[Task inputs]
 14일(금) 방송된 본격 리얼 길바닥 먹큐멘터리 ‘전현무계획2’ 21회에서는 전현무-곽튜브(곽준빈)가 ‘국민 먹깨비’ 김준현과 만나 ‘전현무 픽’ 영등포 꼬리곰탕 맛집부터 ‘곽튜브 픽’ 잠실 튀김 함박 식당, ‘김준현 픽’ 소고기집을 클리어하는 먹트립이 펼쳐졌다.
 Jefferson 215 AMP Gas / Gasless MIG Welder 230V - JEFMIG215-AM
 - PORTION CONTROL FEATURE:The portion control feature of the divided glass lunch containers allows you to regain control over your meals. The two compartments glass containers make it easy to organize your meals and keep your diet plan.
==
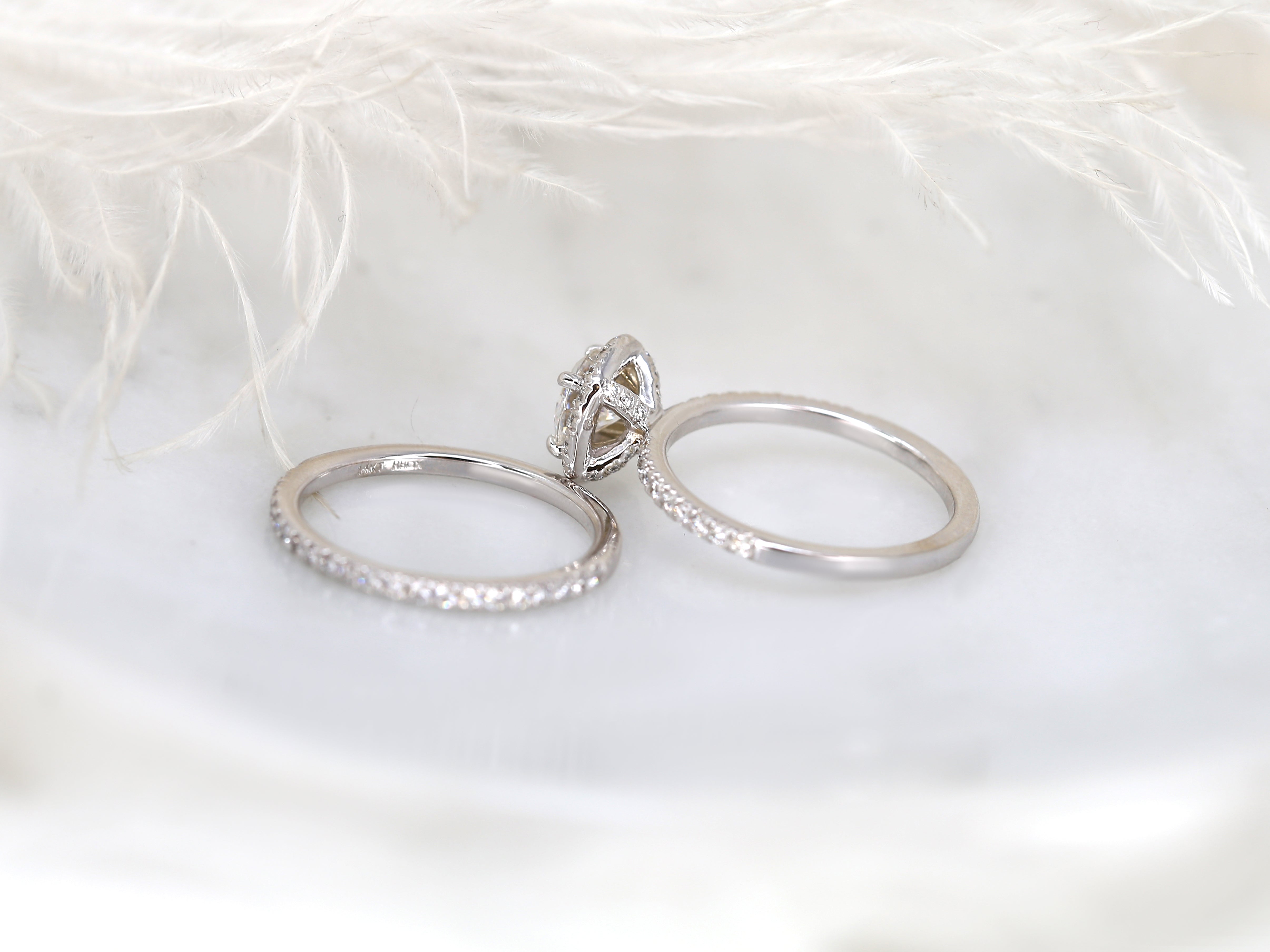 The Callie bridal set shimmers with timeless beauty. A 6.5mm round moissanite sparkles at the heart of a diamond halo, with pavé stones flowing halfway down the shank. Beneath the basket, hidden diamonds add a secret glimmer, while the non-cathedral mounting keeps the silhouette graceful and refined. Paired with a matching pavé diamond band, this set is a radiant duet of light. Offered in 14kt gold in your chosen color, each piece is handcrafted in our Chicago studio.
---
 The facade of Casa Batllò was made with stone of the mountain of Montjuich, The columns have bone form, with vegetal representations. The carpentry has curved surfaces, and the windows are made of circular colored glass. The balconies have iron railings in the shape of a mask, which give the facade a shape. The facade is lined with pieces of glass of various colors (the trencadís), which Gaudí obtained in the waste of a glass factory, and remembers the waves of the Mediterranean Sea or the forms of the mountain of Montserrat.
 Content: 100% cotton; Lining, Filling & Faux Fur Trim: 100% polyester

[Exercise details] Quote the listing above, but only from the line that shows "Jefferson 215 AMP" through the line that shows "- PORTION CONTROL".

[Solved problem]
 Jefferson 215 AMP Gas / Gasless MIG Welder 230V - JEFMIG215-AM
 - PORTION CONTROL FEATURE:The portion control feature of the divided glass lunch containers allows you to regain control over your meals. The two compartments glass containers make it easy to organize your meals and keep your diet plan.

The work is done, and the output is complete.